The titles in the Media Tenor dataset were manually entered, leading to potential inconsistencies in punctuation and spacing. To address this issue and ensure accurate matching with the titles of the articles we download from databases, we normalize the titles in the dataset.

In [2]:
# Import the Normalize class from the normalize module
from normalize import Normalize

# Initialize the Normalize class with the titles from the 'sentiment_data' DataFrame
normalizer = Normalize(sentiment_data.title)

# Apply the normalization process to the titles
normalized_titles = normalizer.normalized()

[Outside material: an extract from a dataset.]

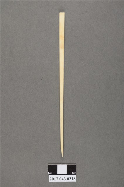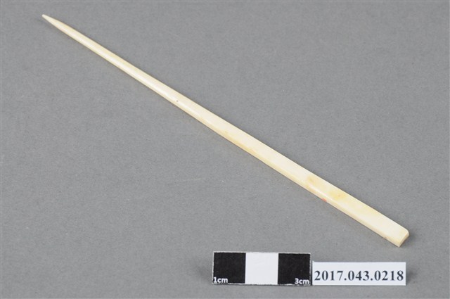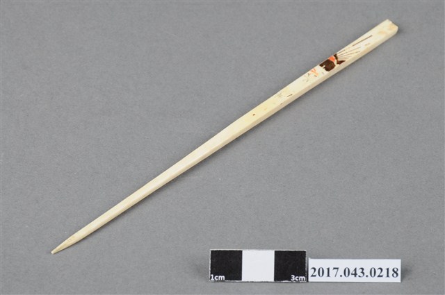 1. 本件日本製象牙筷原為陳澄波先生收藏品(陳澄波基金會原始編號RE226_11),由其長子陳重光先生捐贈給臺灣歷史博物館,共20支。外形呈細長條形,約長15.6公分,頭部略細、尾部稍寬,頭圓尾方,尾端為0.6x0.4公分的方形,頭部漸收打磨成尖角,略歪向一側。材質為象牙,顏色呈現淡黃色,筷子其中一面的上半部繪有紋飾,但因使用磨損,現已無法辨識原來紋樣為何,僅見些許褐色和粉紅色的線條與色塊。2. 頭尖尾方是日本筷子常見的形制,使用時需兩支一起使用,將食物夾起送入口中,為一般民眾生活中的飲食器具。筷子一般多以木頭或竹子製作,象牙則為較高級的材質。

# Add the normalized titles to the sentiment_data DataFrame as a new column 'title_clean'
sentiment_data['title_clean'] = normalized_titles

sentiment_data.head()

Unnamed: 0,date,month,medium,title,topicgroup,negative,no_clear_tone,positive,Number_of_reports,AverageRating,title_clean
0,01.01.2014,201401,WamS,Koalition,Konjunktur,0,1,0,1,0,koalition
1,01.01.2017,201701,FAS,Habt bloß keine Angst vor China !,Internationale Wirtschaft,0,0,1,1,100,habt bloß keine angst vor china
2,01.01.2017,201701,BamS,Wir leben in einer Zeit der Wohlstands-Halluzi...,Konjunktur,0,0,1,1,100,wir leben in einer zeit der wohlstands halluzi...
3,01.02.2015,201502,WamS,Teheran ruft,Wettbewerbsfähigkeit/Nachfrage,1,3,0,4,-25,teheran ruft
4,01.01.2017,201701,BamS,"Geht es und wirklich so gut, wie es uns Merkel...",Internationale Wirtschaft,0,1,0,1,0,geht es und wirklich so gut wie es uns merkel ...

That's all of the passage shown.